[Math] In what sense is propositional logic “zeroth-order logic?”

Question

The Wikipedia page on the propositional calculus says that another name for it is "zeroth-order logic." This sort of makes sense to me, but appears to break down in some pretty crucial ways with logical connectives.

The idea is that the propositions of propositional logic can be thought of as predicates of "zeroth order." They take in no input and can be thought of basically as "constant $\{0,1\}$-valued functions." First-order predicates take these as input. Second-order predicates take in either first-order predicates or zero-order predicates as input. And so on.

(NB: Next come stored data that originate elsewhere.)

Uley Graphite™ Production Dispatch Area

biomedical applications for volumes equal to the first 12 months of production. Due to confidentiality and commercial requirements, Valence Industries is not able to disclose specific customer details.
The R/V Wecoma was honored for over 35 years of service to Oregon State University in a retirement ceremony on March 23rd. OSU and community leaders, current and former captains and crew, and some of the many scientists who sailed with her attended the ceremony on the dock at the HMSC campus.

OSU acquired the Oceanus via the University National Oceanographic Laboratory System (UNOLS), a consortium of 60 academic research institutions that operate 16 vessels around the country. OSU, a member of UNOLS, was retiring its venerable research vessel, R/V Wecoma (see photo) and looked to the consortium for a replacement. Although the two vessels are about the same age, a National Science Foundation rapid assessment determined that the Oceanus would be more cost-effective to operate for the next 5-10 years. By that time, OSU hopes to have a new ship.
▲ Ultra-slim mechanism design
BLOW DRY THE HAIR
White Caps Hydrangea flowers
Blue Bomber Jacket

This gets weird as it pertains to logical connectives, though. In propositional logic, the objects really are thought to be "constant functions" in that they are considered to have a true or false value, and we can apply logical connectives to them. But if we are considering these to be the things that first-order predicates take as arguments, how does this sense? In first-order PA, for instance, the objects are basically just numbers. But if these are supposed to be "zeroth-order predicates," what meaning does $(12 \lor 13) \land (14 \lor \lnot 15)$ have?

It is kind of strange to think of logical connectives as applying to all predicates of order > 0, unless you're working in "zeroth-order logic," at which point they apply there as well. Is there some neat way to make sense of precisely how things are related here?

Answer 1

This gets weird as it pertains to logical connectives, though. In propositional logic, the objects really are thought to be "constant functions" in that they are considered to have a true or false value, and we can apply logical connectives to them. But if we are considering these to be the things that first-order predicates take as arguments, how does this sense? In first-order $PA$, for instance, the zeroth-order predicates are basically just numbers. What meaning does $(12 \vee 13)\wedge(14\vee \neg 15)$ have?

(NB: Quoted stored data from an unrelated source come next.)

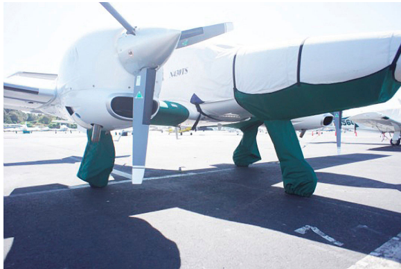
Twinstar Landing Gear & Gearwell Covers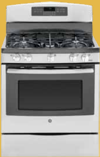
GE® 30" Gas Convection Range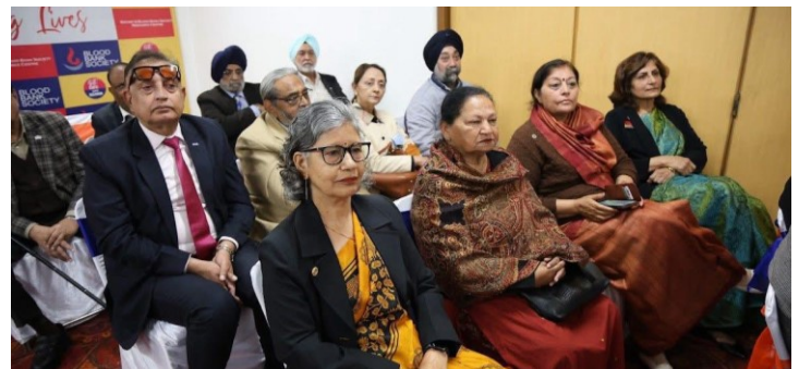
Rotarians from Rotary District 3080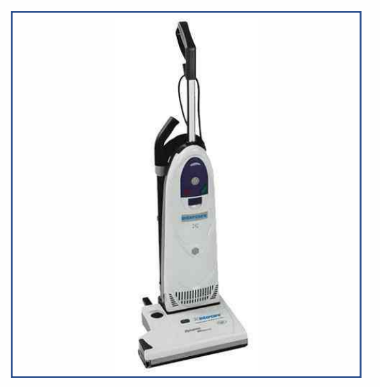
Lindhaus 380E - Upright Vacuum Cleaner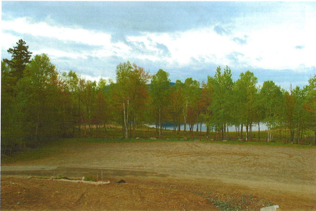
SOUTH VIEW FROM VISITORS CENTER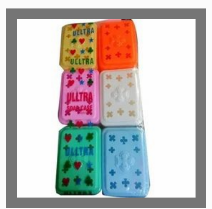
Plastic Soap Case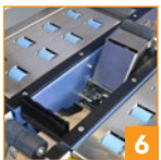
6 Double wipe-down of tape legs and center seam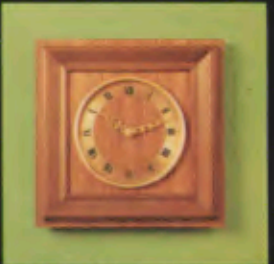
358/5014 resonic 27 x 27 cm NUG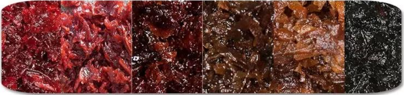
Shisha Tobacco Materail

Dession مادة التبغ مادة التبغ الشيشا, مادة التبغ, مادة التبغ مادة التبغ مادة التبغ مادة التبغ.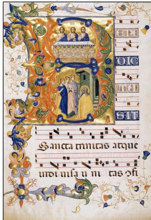
GHERRARDUCCI, Don Silvestri dei, Gradual 2, c. 1395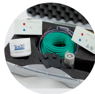
hard cover case for MRI compatible electrodes, cable, „INNER BOX“, „OUTER BOX“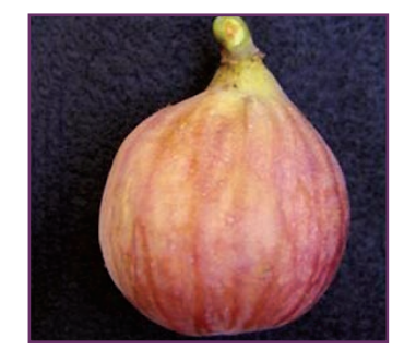
Figure 6. 'Blue Giant'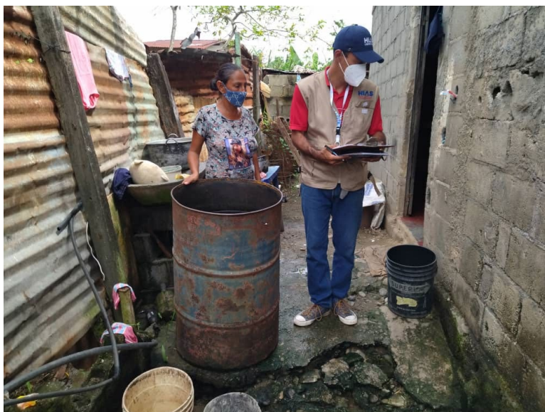
A HIAS community worker, conducts a baseline assessment to identify the needs of the target population in the Zulia State, in September 2021.

community members in each project location to serve as reference groups for project activity implementation, creating a link to the community and ensuring that all affected populations can access services.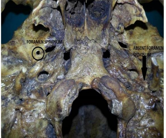
Fig.5: Showing absent foramen spinosum

(3.75%) one on the right side and two on the left side (Fig.6).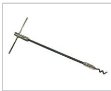
Braided Packing Extractors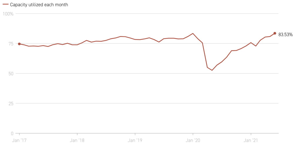
Chart: Steven Overly / POLITICO

Percent of total steel and iron production capacity used each month, Jan. 2017–June 2021

The emphasized part is very misleading. We don't generally take our constants to be "zeroth-order" predicates, but rather $0$-ary functions (and even that is not forced). An $n$-ary predicate takes an $n$-tuple and returns a truth-value, whereas an $n$-ary function takes $n$-tuples and returns an object of the domain, so it's natural to identify $0$-ary functions with constants. But then the constants will not be "zeroth-order" predicates!

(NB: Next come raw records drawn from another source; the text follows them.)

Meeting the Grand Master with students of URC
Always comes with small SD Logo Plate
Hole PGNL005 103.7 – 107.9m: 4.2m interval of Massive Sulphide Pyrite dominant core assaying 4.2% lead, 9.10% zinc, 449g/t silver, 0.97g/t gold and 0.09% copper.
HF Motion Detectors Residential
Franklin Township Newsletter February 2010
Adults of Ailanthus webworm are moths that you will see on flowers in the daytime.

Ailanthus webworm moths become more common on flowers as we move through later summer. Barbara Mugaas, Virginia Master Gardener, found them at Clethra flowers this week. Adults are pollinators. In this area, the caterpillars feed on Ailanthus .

EDIT: You also seem confused by the definition of "zeroth-order" logic, first-order logic, etc. Basically, a logic is of the $n$th-order if no variable of order $n+1$ is quantified, where the order of the variables can be defined recursively by setting a (relational) type hierarchy as follows:

• $o, i$ are types of order $0$ and $1$, respectively (they are, respectively, the types of the truth-values and of the individuals);
• if $\tau_1, \dots, \tau_n (n \geq 1)$ are of any type except $o$, then $\langle \tau_1, \dots, \tau_n\rangle$ is a type of order $1 + max\{ord(\tau_1), \dots, ord(\tau_n)\}$. Intuitively, $\langle \tau_1, \dots, \tau_n\rangle$ is the type of $n$-ary relations with arguments from $\tau_1, \dots, \tau_n$. So, for instance, first-order $n$-ary relations are variables of type $\langle i, \dots, i\rangle$ (that's $n$ $i$'s) and order $2$.

So first-order logic is so-called because no variable of the second order is quantified. Similarly, a zeroth-order logic is so-called because no variable of order $1$ is quantified (i.e. we don't quantify over indviduals). Note further that relation variables take individuals, not truth-values, as inputs.